== Segment start ==

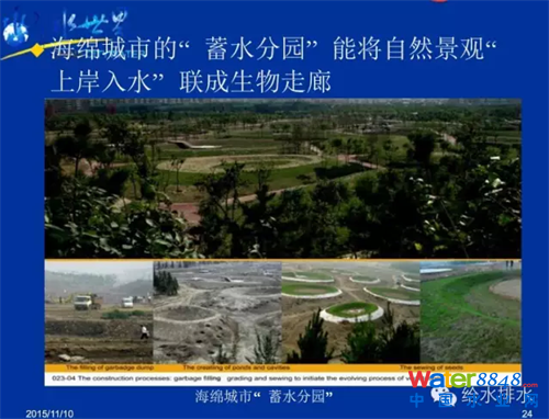海綿城市建設(shè)中的“蓄水公園”能將自然景觀“上岸入水”聯(lián)成生物走廊,擴(kuò)大其水體動(dòng)植物和微生物品種和密度,協(xié)調(diào)處理水中的污染物。
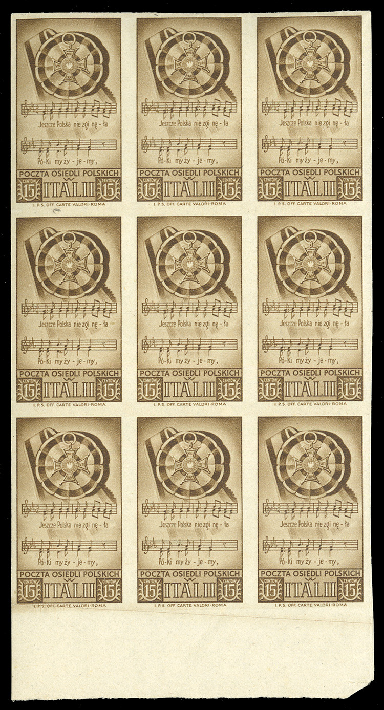 WORLD WAR II OCCUPATION ISSUES Polish Corps in Italy - Corpo Polacco (Sass.18a) 1946 National Anthem, 15c brown, imperforate bottom sheet margin block of nine, n.h., v.f. (Sass. Euro 2,520) (Image)
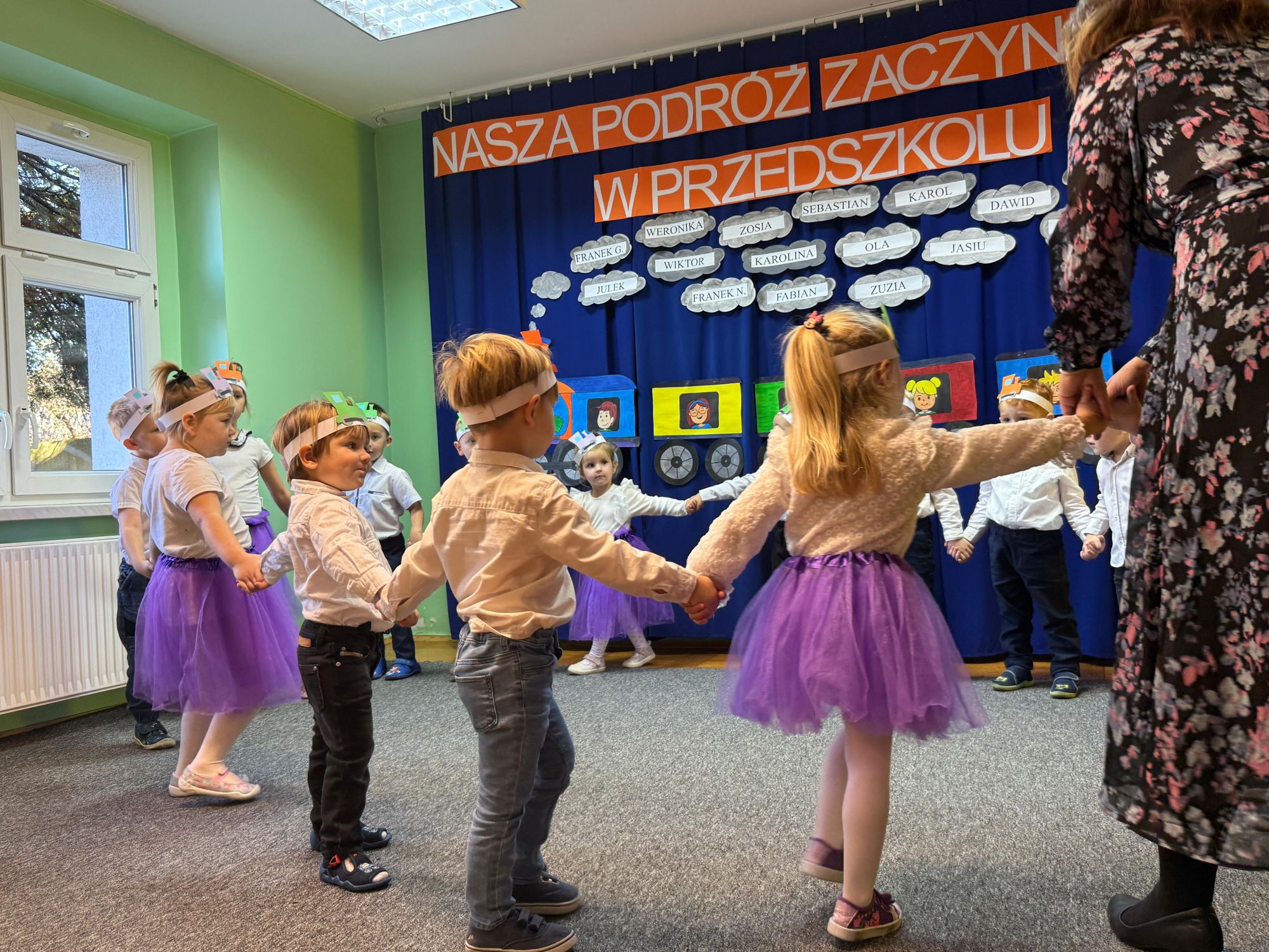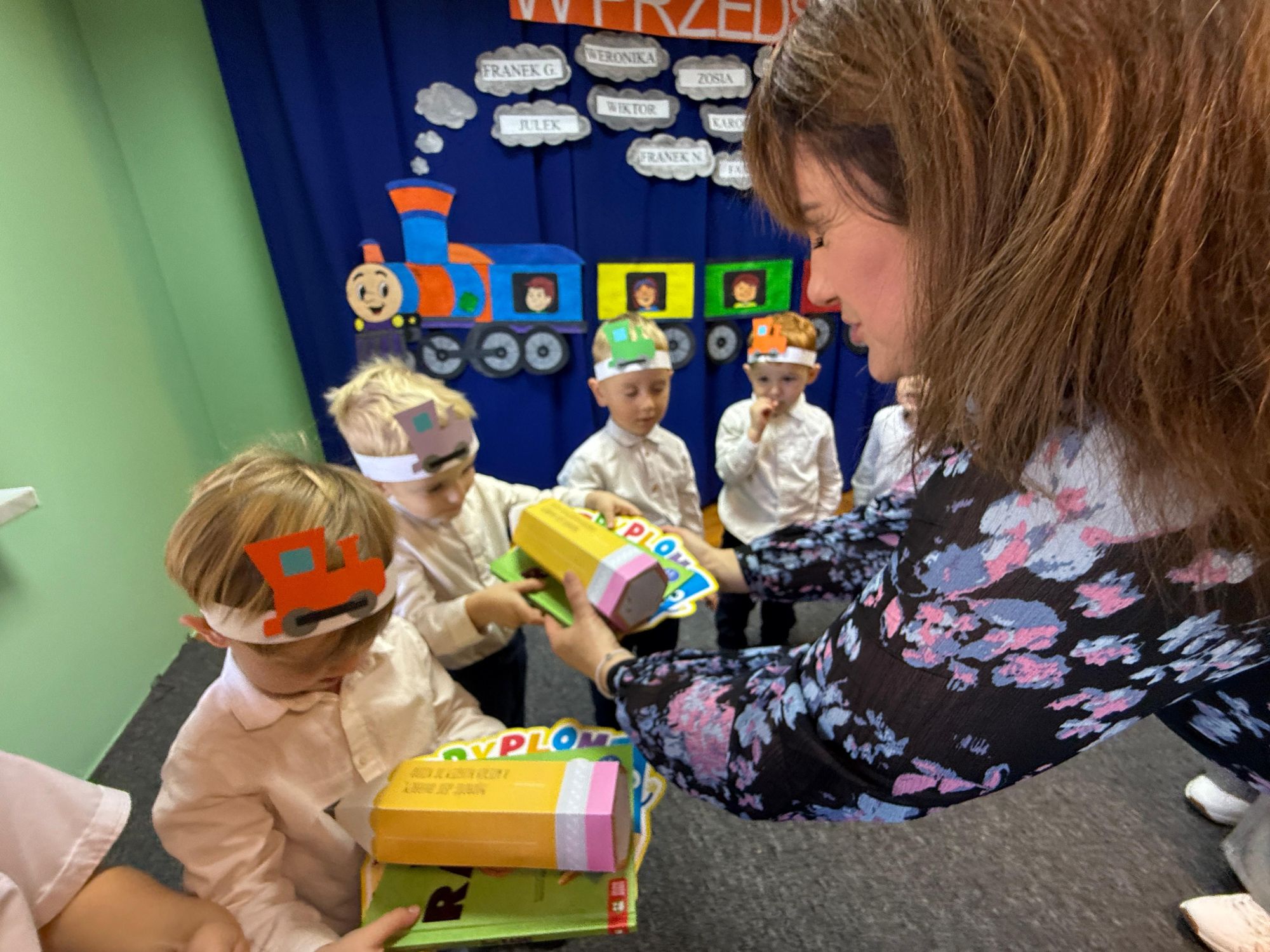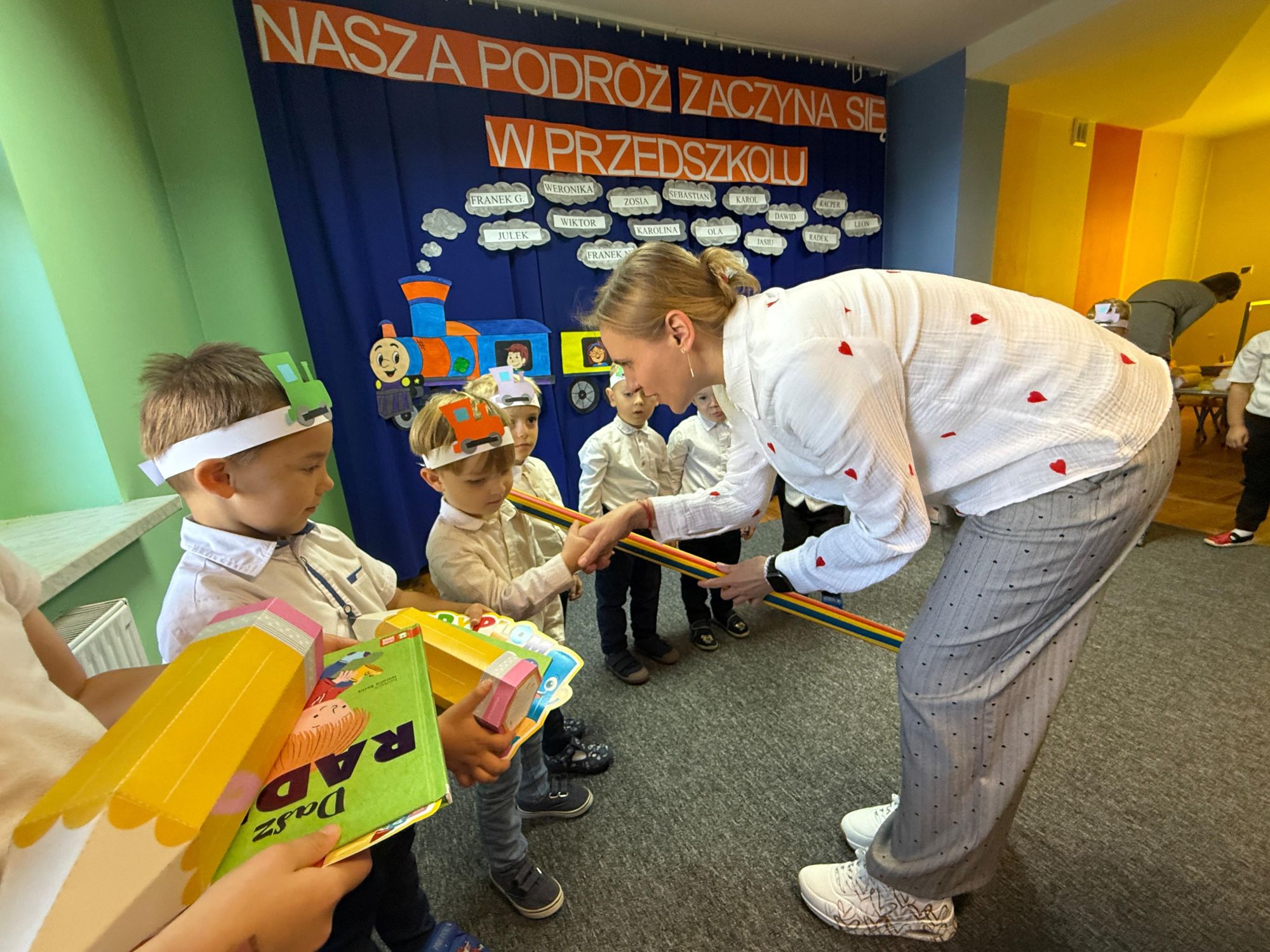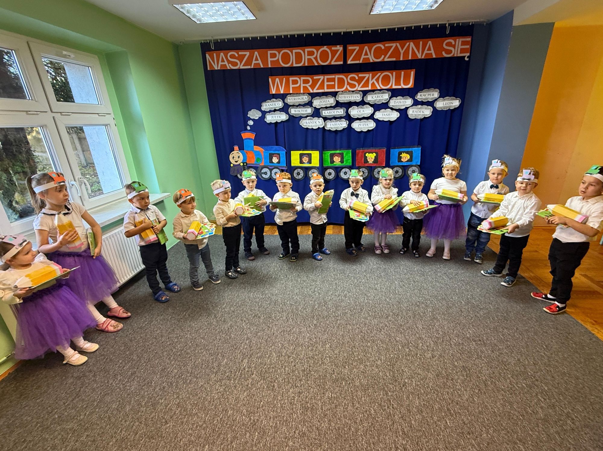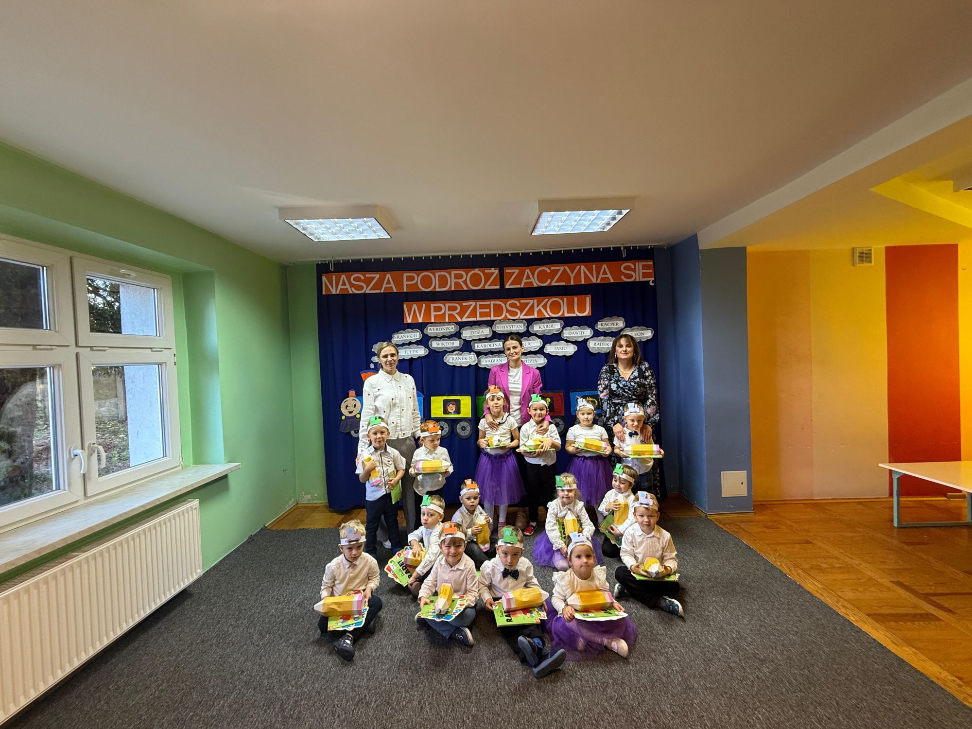 4 listopada w naszym przedszkolu odbyło się długo wyczekiwane wydarzenie - Pasowanie na Przedszkolaka. Od rana trwały przygotowania. Uroczystość rozpoczęły występy dzieci, które z uśmiechem i odwagą prezentowały swoje umiejętności. Zaśpiewały piosenki, recytowały wierszyki oraz zatańczyły wesoły taniec. Dla nich był to pierwszy ważny występ przed publicznością. Po części artystycznej zgodnie z tradycją pasowania dokonała pani dyrektor dotykając ramienia każdego przedszkolaka specjalnym ołówkiem. Każde dziecko na pamiątkę tego wydarzenia otrzymało dyplom, książkę oraz "kredkę niespodziankę". Nie zapomnieliśmy także o sesji zdjęciowej. Byl to dzień pełen emocji, wrażeń zarówno dla dzieci, jak i nauczycieli.
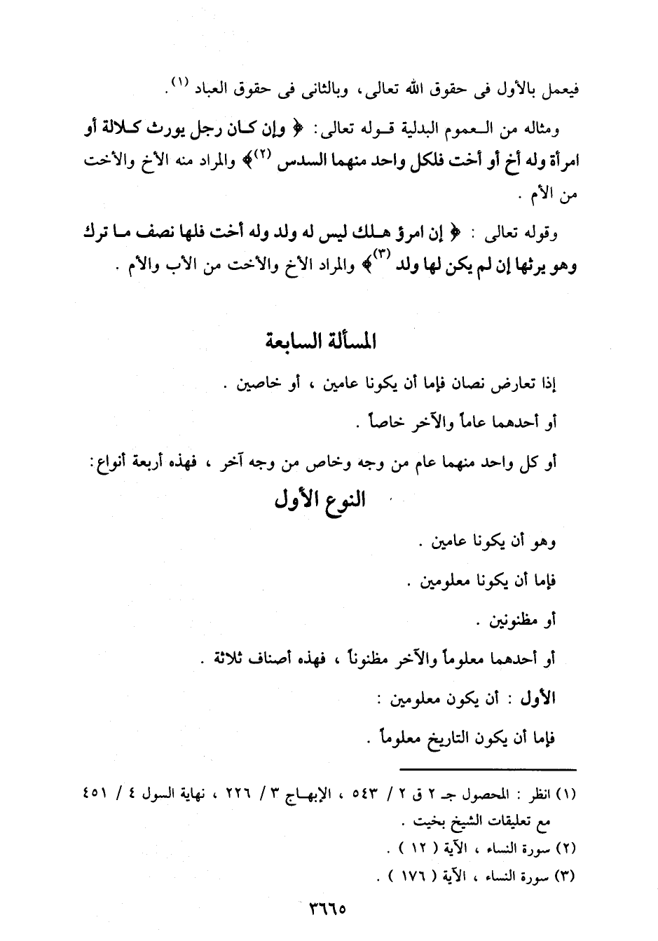 ومثاله من العموم البدلية قوله تعالى: {وإن كان رجل يورث كلالة أو امرأة وله أخ أو أخت فلكل واحد منهما السدس} والمراد منه الأخ والأخت من الأم.
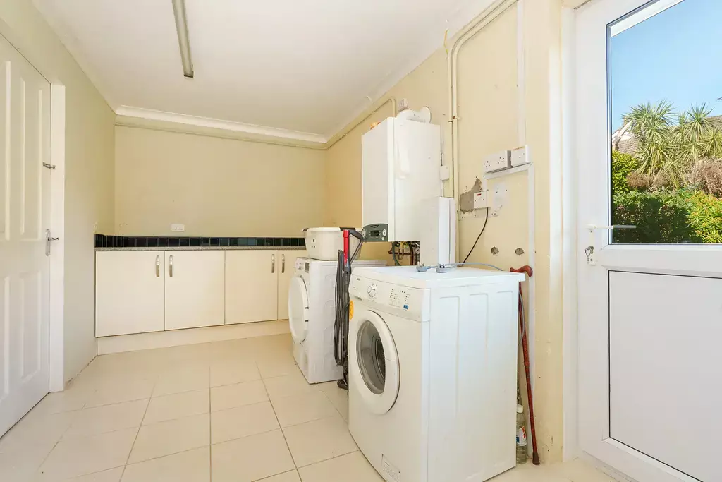 Upon entering, a welcoming entrance porch leads to a handy cloakroom (WC) and into the heart of the home. The generous L-shaped living/dining room provides a comfortable and flexible space for relaxing or entertaining. The separate kitchen is complemented by a utility room and offers integral access to the garage/store, adding to the property's practicality.
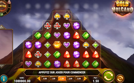 La machine à sous Gold Volcano vous accueille dans un décor inquiétant avec un ciel sombre et parsemé d'éclairs. L'écran prend les traits d'une pyramide qui épouse les formes du volcan et à travers laquelle la lave remonte petit à petit à la surface. Il se compose de 8 rouleaux avec une structure asymétrique comprenant 3 à 6 rangées. Il ne propose pas de lignes de paiement à proprement parler. Pour empocher des gains, vous devez collecter 3 à 6 symboles identiques à l'écran. Comme il fallait s'y attendre avec la structure choisie par le fournisseur et surtout le thème du volcan, le jeu intègre un gameplay évolutif avec un mode de paiement en cascade. Chaque fois que vous obtenez un gain, les symboles correspondants disparaissent et sont remplacés ce qui permet de débloquer de nouvelles opportunités. Lorsque vous enchainez 6 cascades, vous accédez d'ailleurs au mode free spins. Le jeu vous octroie 5 tours gratuits durant lesquels les symboles font agir comme la lave et sortir par le haut de l'écran afin de créer de nouvelles rangées et des rouleaux inédits. Gold Volcano inclut également d'autres bonus, dont un WILD. Il peut apparaitre à tout moment après une cascade. Il a le pouvoir de remplacer n'importe quel symbole dans une combinaison gagnante. Le WILD peut également être accompagné d'un multiplicateur X2 inédit. Le jeu propose aussi un SCATTER sur l'ensemble de ses rouleaux. Il est relié à une jauge qui vous permet de transformer des symboles normaux en pépites d'or. Obtenez-le 3 fois pour éliminer les pierres violettes, 6 fois pour les pierres rouges et 9 fois pour les vertes. Enfin, Gold Volcano inclut trois évènements aléatoires. Ils se déclenchent après un spin perdant. Le premier, Rumble, déplace des symboles au hasard et ajoute un SCATTER. Le deuxième, Lava, vous offre une rangée supplémentaire de symboles. Le troisième, Excavate, ajoute 3 à 5 WILD à l'écran.
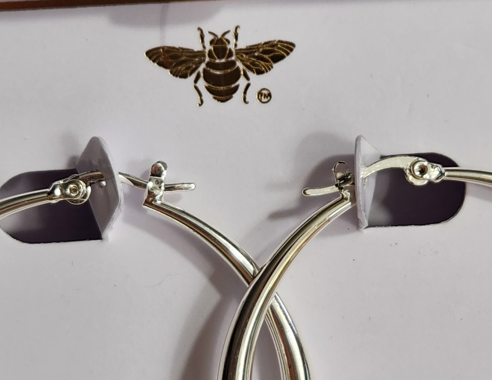 как выглядит BEE Logo Classic Silver Tone Hoop Earrings NIB Giftable фото
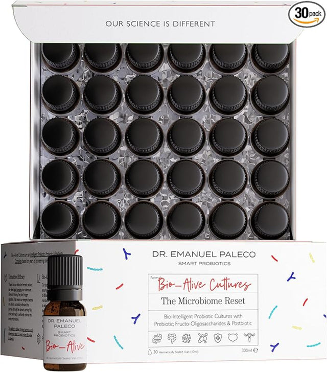 🧫 ŽIVÉ A AKTÍVNE SA MNOŽIACE BAKTÉRIEBio-Alive je synbiotikum s inteligentným tekutým komplexom, obohateným o prebiotiká a postbiotiká , čo nespúšťa tráviaci proces okamžite. To umožňuje baktériám zostať Alive a aktívne sa množia. Väčšina probiotík je lyofilizovaná (lyofilizovaná), aby prežila v žalúdku, ale to ich robí neúčinnými – iba 2 – 3 % zostáva aktívnych. Bio-Alive zabezpečuje, aby sa všetky baktérie množili a poskytovali maximálne zdravotné výhody.

== Segment end ==

Please reproduce each entry exactly as given and omit the pictures.

海綿城市建設(shè)中的“蓄水公園”能將自然景觀“上岸入水”聯(lián)成生物走廊,擴(kuò)大其水體動(dòng)植物和微生物品種和密度,協(xié)調(diào)處理水中的污染物。
 WORLD WAR II OCCUPATION ISSUES Polish Corps in Italy - Corpo Polacco (Sass.18a) 1946 National Anthem, 15c brown, imperforate bottom sheet margin block of nine, n.h., v.f. (Sass. Euro 2,520) (Image)
 4 listopada w naszym przedszkolu odbyło się długo wyczekiwane wydarzenie - Pasowanie na Przedszkolaka. Od rana trwały przygotowania. Uroczystość rozpoczęły występy dzieci, które z uśmiechem i odwagą prezentowały swoje umiejętności. Zaśpiewały piosenki, recytowały wierszyki oraz zatańczyły wesoły taniec. Dla nich był to pierwszy ważny występ przed publicznością. Po części artystycznej zgodnie z tradycją pasowania dokonała pani dyrektor dotykając ramienia każdego przedszkolaka specjalnym ołówkiem. Każde dziecko na pamiątkę tego wydarzenia otrzymało dyplom, książkę oraz "kredkę niespodziankę". Nie zapomnieliśmy także o sesji zdjęciowej. Byl to dzień pełen emocji, wrażeń zarówno dla dzieci, jak i nauczycieli.
 ومثاله من العموم البدلية قوله تعالى: {وإن كان رجل يورث كلالة أو امرأة وله أخ أو أخت فلكل واحد منهما السدس} والمراد منه الأخ والأخت من الأم.
 Upon entering, a welcoming entrance porch leads to a handy cloakroom (WC) and into the heart of the home. The generous L-shaped living/dining room provides a comfortable and flexible space for relaxing or entertaining. The separate kitchen is complemented by a utility room and offers integral access to the garage/store, adding to the property's practicality.
 La machine à sous Gold Volcano vous accueille dans un décor inquiétant avec un ciel sombre et parsemé d'éclairs. L'écran prend les traits d'une pyramide qui épouse les formes du volcan et à travers laquelle la lave remonte petit à petit à la surface. Il se compose de 8 rouleaux avec une structure asymétrique comprenant 3 à 6 rangées. Il ne propose pas de lignes de paiement à proprement parler. Pour empocher des gains, vous devez collecter 3 à 6 symboles identiques à l'écran. Comme il fallait s'y attendre avec la structure choisie par le fournisseur et surtout le thème du volcan, le jeu intègre un gameplay évolutif avec un mode de paiement en cascade. Chaque fois que vous obtenez un gain, les symboles correspondants disparaissent et sont remplacés ce qui permet de débloquer de nouvelles opportunités. Lorsque vous enchainez 6 cascades, vous accédez d'ailleurs au mode free spins. Le jeu vous octroie 5 tours gratuits durant lesquels les symboles font agir comme la lave et sortir par le haut de l'écran afin de créer de nouvelles rangées et des rouleaux inédits. Gold Volcano inclut également d'autres bonus, dont un WILD. Il peut apparaitre à tout moment après une cascade. Il a le pouvoir de remplacer n'importe quel symbole dans une combinaison gagnante. Le WILD peut également être accompagné d'un multiplicateur X2 inédit. Le jeu propose aussi un SCATTER sur l'ensemble de ses rouleaux. Il est relié à une jauge qui vous permet de transformer des symboles normaux en pépites d'or. Obtenez-le 3 fois pour éliminer les pierres violettes, 6 fois pour les pierres rouges et 9 fois pour les vertes. Enfin, Gold Volcano inclut trois évènements aléatoires. Ils se déclenchent après un spin perdant. Le premier, Rumble, déplace des symboles au hasard et ajoute un SCATTER. Le deuxième, Lava, vous offre une rangée supplémentaire de symboles. Le troisième, Excavate, ajoute 3 à 5 WILD à l'écran.
 как выглядит BEE Logo Classic Silver Tone Hoop Earrings NIB Giftable фото
 🧫 ŽIVÉ A AKTÍVNE SA MNOŽIACE BAKTÉRIEBio-Alive je synbiotikum s inteligentným tekutým komplexom, obohateným o prebiotiká a postbiotiká , čo nespúšťa tráviaci proces okamžite. To umožňuje baktériám zostať Alive a aktívne sa množia. Väčšina probiotík je lyofilizovaná (lyofilizovaná), aby prežila v žalúdku, ale to ich robí neúčinnými – iba 2 – 3 % zostáva aktívnych. Bio-Alive zabezpečuje, aby sa všetky baktérie množili a poskytovali maximálne zdravotné výhody.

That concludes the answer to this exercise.